Va pasando hojas y llega a una a la que se refiere diciendo que son objetos de vestir y se dispone a enumerar prendas:
– Una falda, un… un… donde se meten las manos.
– ¿Unos guantes?, le sugiero.
– Sí, eso, unos guantes.
Recuerdo la página que me describe y aprovecho la ocasión. Invierto los términos sutilmente: pregunto por una prenda y lo invito a observar con atención para encontrarla:
– Y, ¿una bufanda?, ¿ves alguna?
Pasan unos segundos mientras busca y contesta:
– No sé si hay, pero si no, cortamos un pantalón por la mitad y tendremos dos.
Estallo en carcajadas y le comunico que su propuesta me ha parecido genial. No me da tiempo a seguir preguntando, él sigue enumerando prendas:
– Un chaleco, un traje de mujer con tablas, unas camisetas con dos árboles…
Vuelvo a interrumpir:
– ¿Con dos árboles?
– Sí, con dos árboles del desierto
– ¿Baobabs?
– Nooooooooooo
El tono de su respuesta me indica a las claras que estoy muy lejos de la respuesta correcta. Me vuelve a entrar la risa. Al final resulta que son palmeras. ¿Cómo no lo habré acertado a la primera?, me pregunto. ¡Su descripción estaba clarísima!

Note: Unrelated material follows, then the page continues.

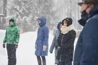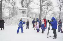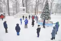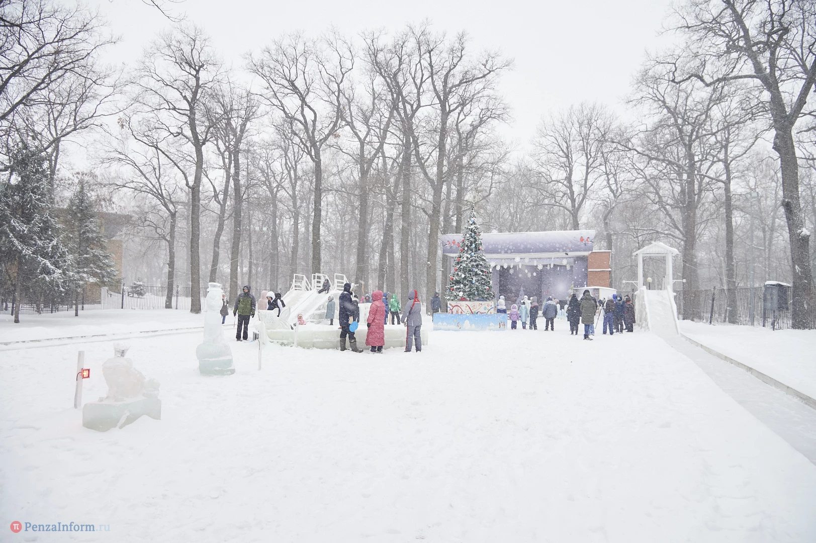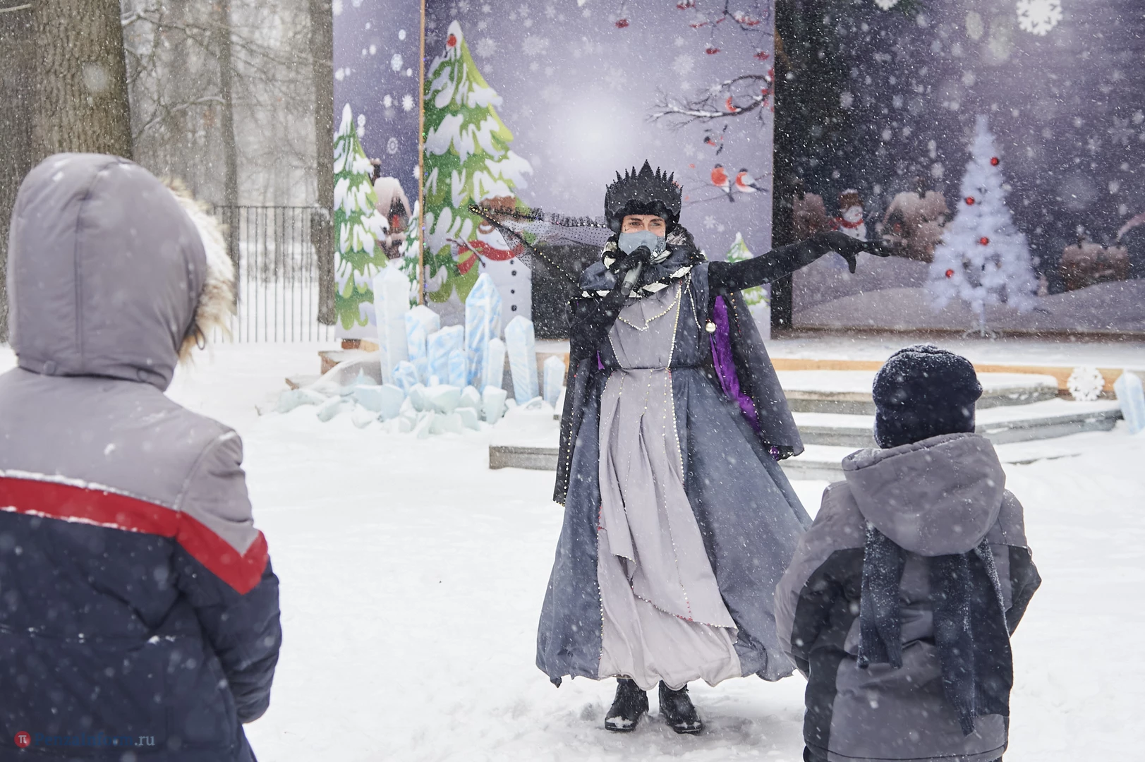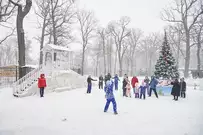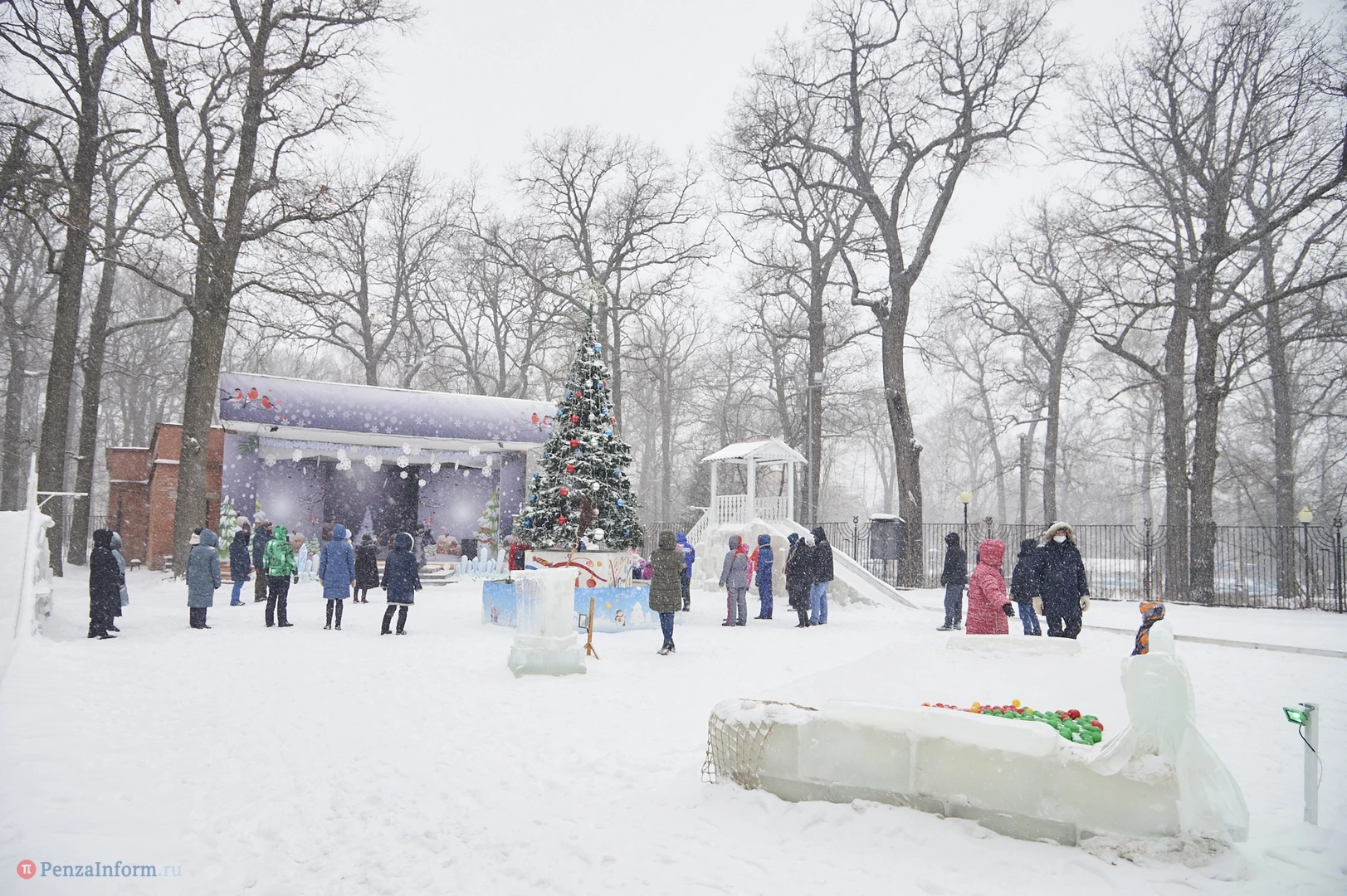 На традиционные встречи под новогодней елкой с Дедом Морозом, Снегурочкой и другими сказочными персонажами приглашает ЦПКиО имени В. Г. Белинского. В отличие от привычных до пандемии хороводов и контактных игр гости явно стараются держаться на дистанции, да программа праздника и не предусматривает близкого взаимодействия. Неизменным остается только дух Нового года.

Para mí estas conversaciones constituyen un bonito juego de ingenio en el que participamos los dos siguiendo reglas distintas. La creatividad fluye a ambos lados del teléfono y disfrutamos de los efectos secundarios que ésta ejerce sobre nuestro organismo.
*
Iba a contar una última y deliciosa anécdota relacionada con otro de los dibujos de este cuaderno, pero he explicado ya muchas cosas y he decidido que va a tener artículo propio. Próximamente: “Kis mi again”.
Bajo el tilo
Cuando hace unos días fui a ver a mi padre a su casa, lo encontré sentado bajo el tilo.
Diversas circunstancias habían propiciado que lleváramos más días de lo habitual sin vernos en directo. El día antes, cuando hablábamos por teléfono, como cada día, de repente me dijo:
– Oye, ahora no me acuerdo de la cara que tienes. ¿Nos hemos visto alguna vez tú y yo?
El estupor pasó por mi cabeza a velocidad vertiginosa y fui capaz de reírme y decirle con cariño:
– Vaya! ¿Has cogido la goma de borrar y me has borrado de tu cabeza?
Seguí, sin darle tiempo a contestar:
– Pues mañana vendré a comer contigo, así que cuando me veas espero que cojas el lápiz y me vuelvas a dibujar en ella.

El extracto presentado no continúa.